Probe Utils

Utility funtionality to help with Probe functionality (to probe your data!)

thema.probe.data_utils

thema.probe.data_utils.custom_Zscore(global_df, subset_df, column_name)[source]

Calculate the z-score for a subset of a DataFrame relative to the entire DataFrame.

Parameters:
  • global_df (pd.DataFrame) – The entire DataFrame containing the global dataset.

  • subset_df (pd.DataFrame) – The subset of the DataFrame for which to calculate the z-score.

  • column_name (str) – The name of the column in both DataFrames for which to calculate the z-score.

Returns:

The z-score of the subset relative to the global dataset.

Return type:

float

thema.probe.data_utils.error(x, mu)[source]

Calculate the error between a value and its expected value.

Parameters:
  • x (float) – The value.

  • mu (float) – The expected value.

Returns:

The error between the value and its expected value.

Return type:

float

thema.probe.data_utils.get_best_std_filter(col, global_stats: dict)[source]

Calculate the standard deviation of a column.

Parameters:
  • col (pd.Series) – The column for which to calculate the standard deviation.

  • global_stats (dict) – A dictionary containing global statistics for the dataset.

Returns:

The standard deviation of the column.

Return type:

float

thema.probe.data_utils.get_best_zscore_filter(col, global_stats: dict)[source]

Calculate the z-score of a column.

Parameters:
  • col (pd.Series) – The column for which to calculate the z-score.

  • global_stats (dict) – A dictionary containing global statistics for the dataset.

Returns:

The z-score of the column.

Return type:

float

thema.probe.data_utils.get_minimal_std(df: DataFrame, mask: array, density_cols=None)[source]

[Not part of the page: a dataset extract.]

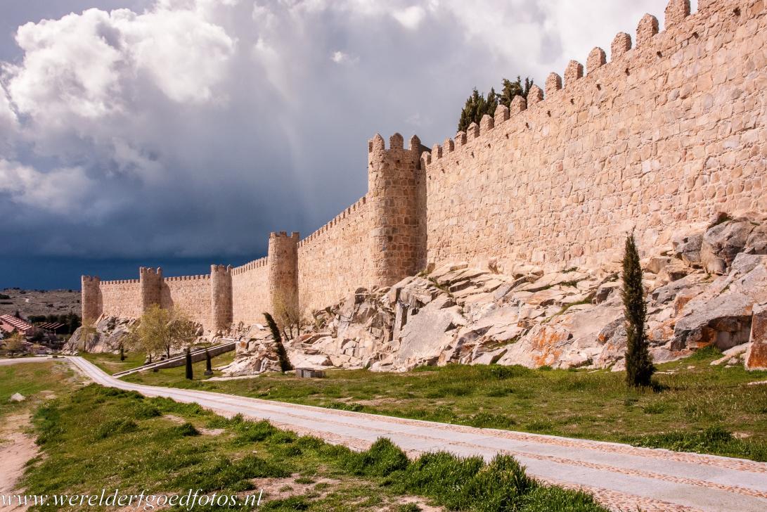Oude stad van Ávila met de kerken buiten de stadsmuren: De middeleeuwse muren omsluiten ook nu nog de hele historische stad van Ávila, de oudste delen dateren uit 1090. De muren van Ávila zijn circa 3 meter dik en 12 meter hoog, de omtrek is 2516 meter, ze hebben 88 halfronde torens en 9 poorten. Enkele gebouwen, zoals de kathedraal, maken deel uit van de muren van Ávila. De oude stad van Ávila met kerken buiten de muren is een Werelderfgoed van UNESCO.

Find the column with the minimal standard deviation within a subset of a Dataframe.

Parameters:
  • df (pd.Dataframe) – A cleaned dataframe.

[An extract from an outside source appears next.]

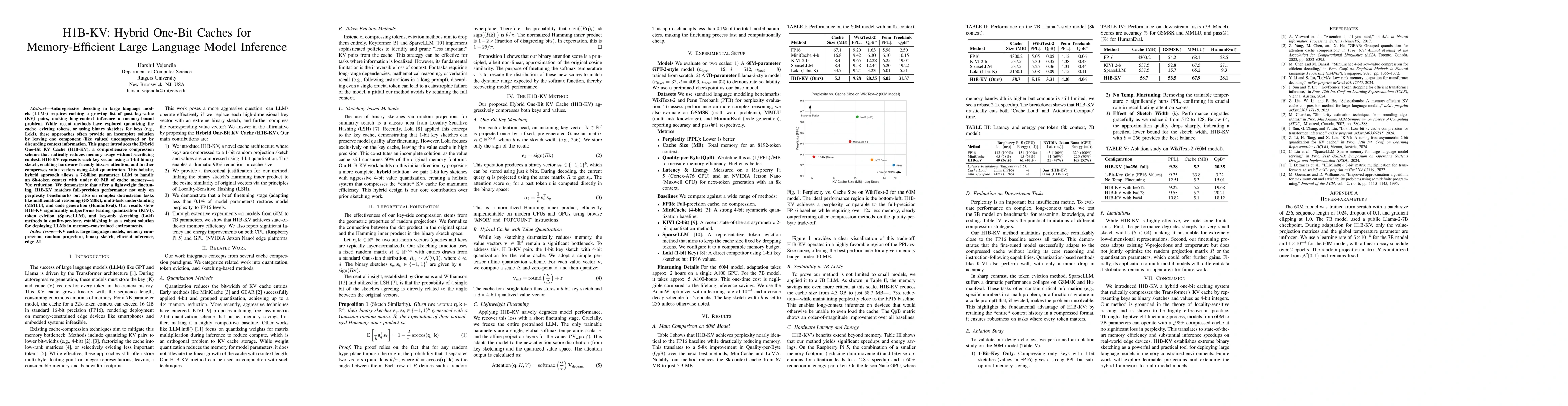 H1B-KV introduces a comprehensive compression scheme that combines 1-bit key sketches with 4-bit value quantization, enabling efficient memory usage without losing context or performance.

  • mask (np.array) – A boolean array indicating which indices of the dataframe should be included in the computation.

Returns:

col_label – The index idenitfier for the column in the dataframe with minimal std.

Return type:

int

thema.probe.data_utils.get_nearestTarget(G: Graph, targets: dict)[source]

Get the nodes and corresponding distances that are closest to each target.

Parameters:
  • G (nx.Graph) – The input graph.

  • targets (dictionary) – A dictionary of target nodes and their aggregated values, obtained from the sunset_dict() function.

Returns:

  • nearest_target (dict) – A dictionary where keys are nodes in the graph and values are the nearest target node.

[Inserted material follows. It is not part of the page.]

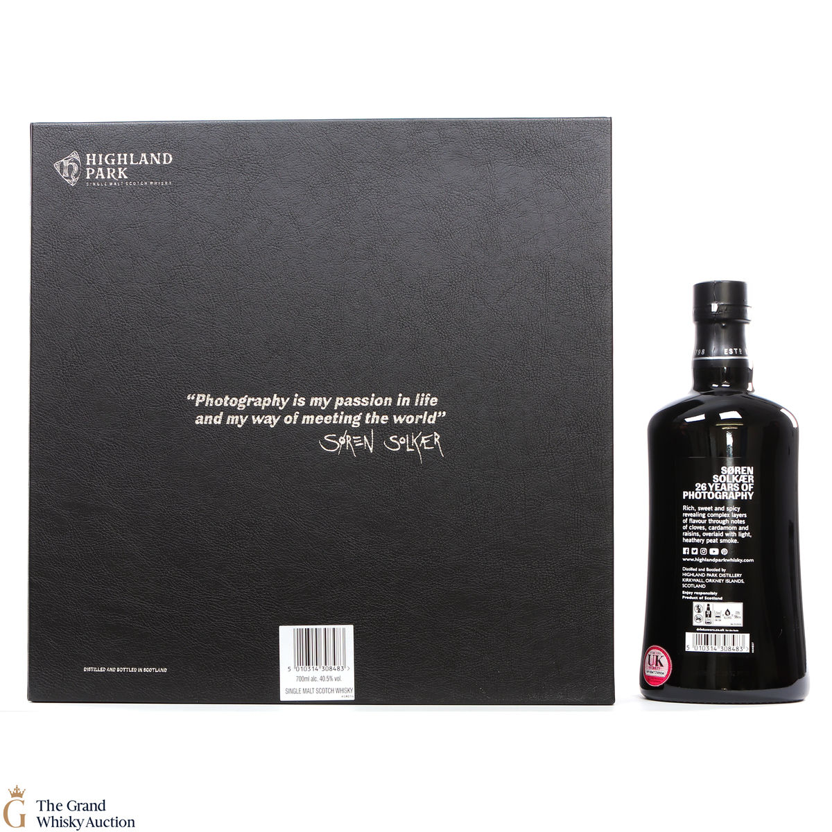 This single malt comes presented in a limited-edition black leather look case, with a book containing 250 photographs by Soren Solker & Highland Park.

  • nearest_target_distance (dict) – A dictionary where keys are nodes in the graph and values are the shortest distance to the nearest target node.

thema.probe.data_utils.select_highestZscoreCols(zscores, n_cols)[source]

Select the columns in a DataFrame that have the highest absolute z-scores.

Parameters:
  • zscores (pd.DataFrame) – A DataFrame containing z-scores.

  • n_cols (int) – The number of columns to select with the highest absolute z-scores.

Returns:

A DataFrame containing the top n columns with the highest absolute z-scores.

Return type:

pd.DataFrame

thema.probe.data_utils.std_zscore_threshold_filter(col, global_stats: dict, std_threshold=1, zscore_threshold=1)[source]

Calculate the filter value based on the standard deviation and z-score of a column.

Parameters:
  • col (pd.Series) – The column for which to calculate the filter value.

  • global_stats (dict) – A dictionary containing global statistics for the dataset.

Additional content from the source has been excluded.